• **What you have to do**:
Begin at the line that contains "можно где-то купить." and reproduce it along with every line after it to the end of the listing; skip any pictures.
(Data excerpt begins)
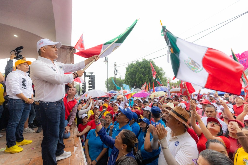 Bajo la lluvia, y en compañía de los presidentes de los comités municipales del PRI, PAN, PRD, NA y demás candidatas y candidatos de la Coalición, así como de los integrantes de su planilla, dijo que nada los debe detener, para no permitir que Morena tenga la mayoría calificada en las cámaras y el senado.
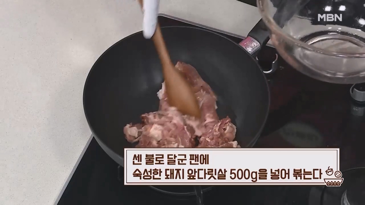 17. 센불로 달군 팬에 숙성한 돼지 앞다릿살 500g을 넣어 볶아줍니다.
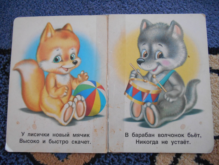 "Учимся говорить" Милые иллюстрации, коротенькие стихи, дочке очень нравится, особенно разворот с волком и барабаном. Осталось по наследству от сына, вряд ли можно где-то купить.
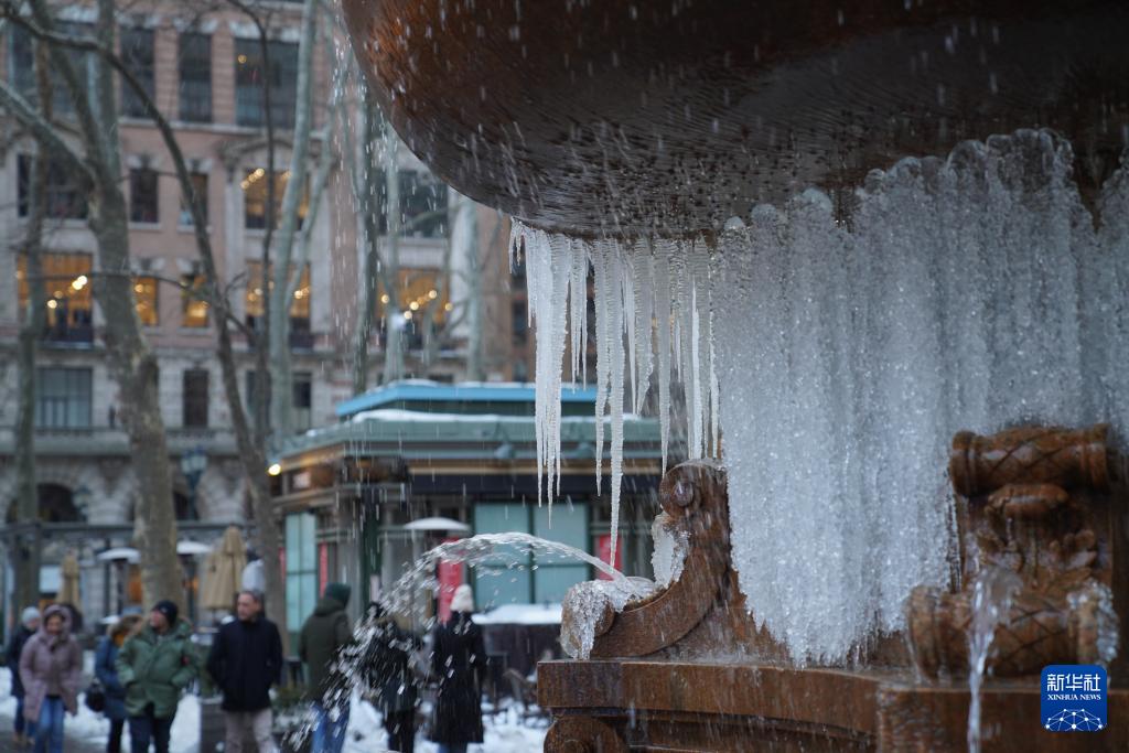 这是2月7日在美国纽约拍摄的结冰的喷泉。
(Data excerpt ends)
• **Exercise response**:
 "Учимся говорить" Милые иллюстрации, коротенькие стихи, дочке очень нравится, особенно разворот с волком и барабаном. Осталось по наследству от сына, вряд ли можно где-то купить.
 这是2月7日在美国纽约拍摄的结冰的喷泉。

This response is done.